Scripture Texts: Matthew 14:22-36; Matthew 15:1-9
It is real easy to give something lip service without much connection behind it. That is what Jesus is accusing the religious leaders of his day of doing in regard to God. They had their big elaborate worship services complete with fancy robes, fancy songs and high sounding rites and rituals. All the while their hearts were more connected with their rituals and rites than with God.
Any of our beloved and important practices can fall prey to losing its connection to the heart of God. Times of worship, mission, service, prayer and study can all be done while missing the very reason we do all these things. Before we are too hard on the religious leaders we must come to terms with the fact that it could just as easily be us, and probably has been.
It is not only our relationship with God that we run the danger of having a disconnect between our words, actions, and our heart. In our marriage we might say all the right things and do all the right things while leaving our heart out of the equation. Utter the words I love you to our spouse without the connection of our heart behind it ring empty.
When our words do not match our heart falsehood is allowed to enter into our marriage. At the outset this might not seem too bad, in fact we might justify it by thinking we need to say it until it is true, even when we do not feel it. Reality is rather than say something to our spouse that is not connected with our heart, we need to search our own heart to see where the disconnect is.
Empty words left uninspected grow separation in a marriage. Once the separation begins it becomes easier to offer empty words. Then the vicious spiral has begun and the ending is usually not real pretty. Over time it becomes impossible to trust the words shared between spouses and communication becomes superficial and insignificant.

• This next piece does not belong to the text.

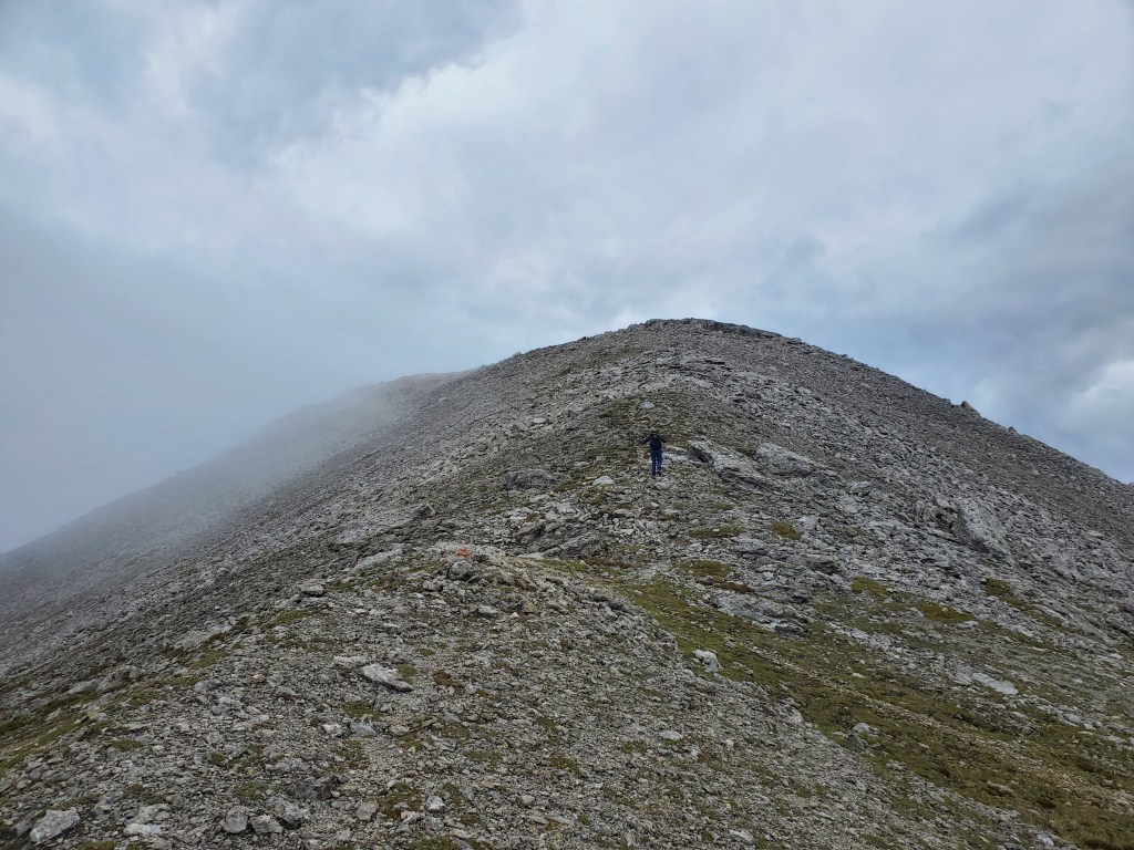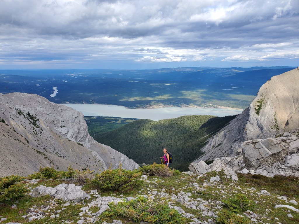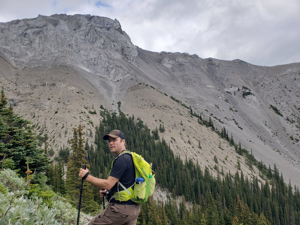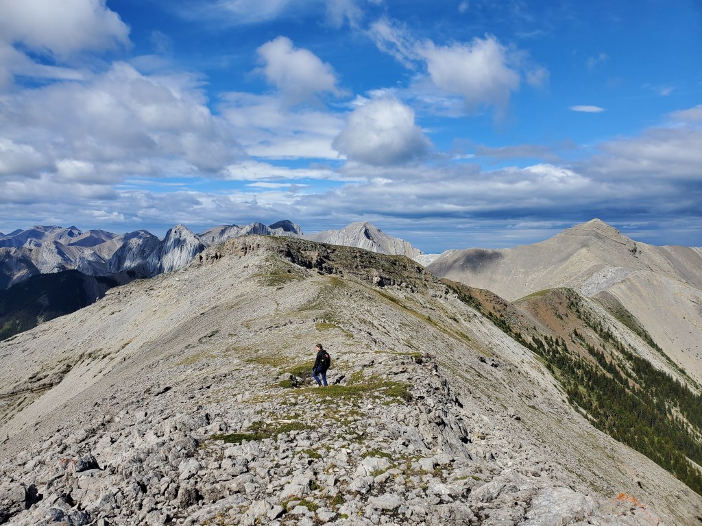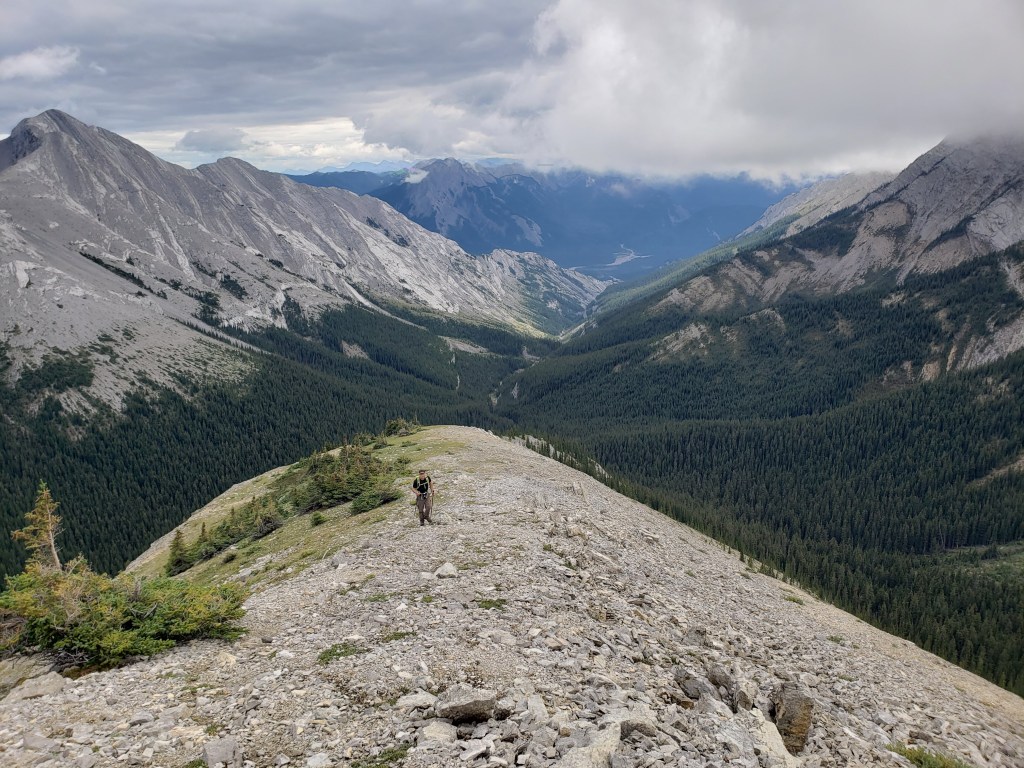 A trail can be picked up just north of Supply Creek. It’s easy to walk up the wide, dry creek bed too.A short way up the trail, signage confirms we are following the correct creek. The County’s access road leads to this spot.Supply Creek was mostly broad, dry gravel when we were there. Bedson Ridge lies ahead. We are aiming for the right-hand side of the low middle section.The turn up a branch to the right was marked with a number of cairns and inukshuks. I am pointing to the branch in this photo.A bit of hands-on scrambling over rocks was needed as we made our way up this branch.We passed through a few bushy sections, too.We went pretty much straight up the middle of this photo. We aimed for a low spot in the ridge, knowing any elevation gained would immediately be lost as we descended the back side.Looking back the way we came. Brûlé Lake comes into view behind us.Reaching the top, still on easy terrain.Upon reaching the top of the ridge, we got to see for ourselves how much elevation we would be losing and regaining to reach the peak (in clouds, to the left). It was certainly demoralizing.We briefly toyed with the idea of side-hilling around the U, but realized the error in our thinking after a few steps. Most of the scree is loose and tedious, much better for scree-skiing down. We spotted a solid looking gully at the far side that would allow us to regain elevation without too much of a trudge back up and we aimed for this.We crossed the floor of the U and bushwhacked through a short section of trees to get to the gully on the opposite side. Travel up the gully was decent, definitely easier than side-hilling the whole way around.Looking back at the side of the U we’d come from. The fierce block at the left is what prevents a scrambler from simply ridge walking around the top. I think the block resembles an Ogre head in profile, don’t you? Perhaps we can call it “Ogre Peak”? This fits well with nearby Ogre Canyon.Regaining the ridge, still on easy terrain.We regained the ridge on sort of a nose feature. This photo is looking south with the two sides of the U extending along the two sides of the shot. Ogre Canyon would be at the far toe of the left-hand ridge.Finally on the ridge and traversing around the rest of the U. The peak lies ahead in clouds.Looking back. We’d ascended the nose at the right. “Ogre Peak” is just behind it.Almost at the peak, hoping the clouds will part.Looking back. Is Boule Roche (not to be confused with Roche Brûlé) almost visible through the clouds?Spot WX‘s weather forecast was exactly accurate and the clouds broke just as we reached the peak. We came up Supply Creek out of the shot to the right, and then re-gained the nose at the right.Looking southwest over the Athabasca River.Summit panorama on Bedson Ridge.Looking across the U at the way we came. We gained the ridge slightly left of Dan and then scree-skied down the chute above my backpack. On the return trip we will aim to gain as much elevation as possible on solid terrain within the trees. The peak to the left is what I’m calling “Ogre Peak”. The peak to the right isn’t officially named, but locals call it Brûlé Mountain or Roche Brûlé.Views to the north of the Boule Range.Traversing around the U to the nose (right)Dan stands in front of Boule Roche. The peak is barely visible behind its jagged ridge.Descending back down the nose into the flat center of the U.We regained the ridge without too much fuss. Brûlé Lake looks a bit more cheerful in the afternoon light.After following Supply Creek back out to the gravel road, we stopped to take in some of the historic sites along the closed off section of 2nd St. Here are the foundations of the former Brûlé School.Here I’m walking the front steps to the former Mine Manager’s House, now all but reclaimed by nature.

The best way to prevent this disconnect is to ruthlessly pursue a life-giving connection with our spouse. Tending the condition of our hearts, and relationship is top priority if we are to cultivate a healthy marriage. This requires time together, both quantity and quality. Time to talk, laugh, cry and live life deeply together. All of the time invested will allow us to offer our heart and our words to our spouse creating a marriage that is full and healthy.